MT-DNN Achieves Human Performance in General Language Understanding Benchmark

SmooL · on July 8, 2019

It seems since submitting that they are no longer the leader on the GLUE leaderboard - https://gluebenchmark.com/leaderboard/

yorwba · on July 8, 2019

In fact the article was published on June 20, while the XLNet submission that dethroned them was already on June 19. I guess their publishing pipeline doesn't allow last-minute amendments.

dweekly · on July 8, 2019

The relentlessness of the pace of ML remains breathtaking.

Microsoft: We beat human performance and lapped everyone else!

XLNet: Hold my beer.

Code: https://github.com/zihangdai/xlnet

Description: https://towardsdatascience.com/what-is-xlnet-and-why-it-outp...

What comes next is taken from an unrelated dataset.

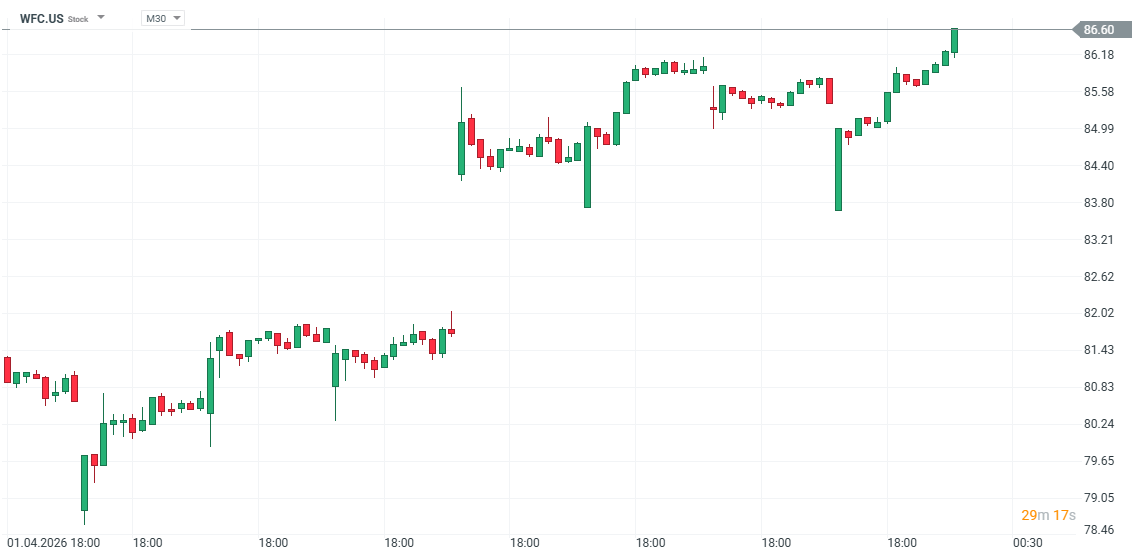 Wells Fargo zklamal na úrovni tržeb. Celkové tržby dosáhly 21,45 miliardy dolarů, což bylo pod odhadem analytiků ve výši 21,77 miliardy dolarů. Čistý úrokový výnos 12,1 miliardy dolarů rovněž zaostal za očekáváními. Přesto čistý zisk vzrostl o 7 % na 5,25 miliardy dolarů a EPS stoupl o 15 % na 1,60 USD. CEO Charlie Scharf to přisuzuje investicím do všech segmentů businessu. Akcie se před otevřením trhů pohybují na úrovni 87 USD.

Paper: https://arxiv.org/pdf/1906.08237.pdf

m0zg · on July 8, 2019

Notably, this result would be very hard for Microsoft to achieve, or indeed even reproduce fully in-house, because it requires more memory than GPUs have. GitHub mentions that TPUs are pretty much table stakes to train this.

bitforger · on July 8, 2019

The memory constraint is certainly an issue, but I think they can be overcome with some software hacks (for a speed penalty, of course.) For example, gradient checkpointing and gradient accumulation might help:

https://medium.com/tensorflow/fitting-larger-networks-into-m... https://medium.com/huggingface/training-larger-batches-pract...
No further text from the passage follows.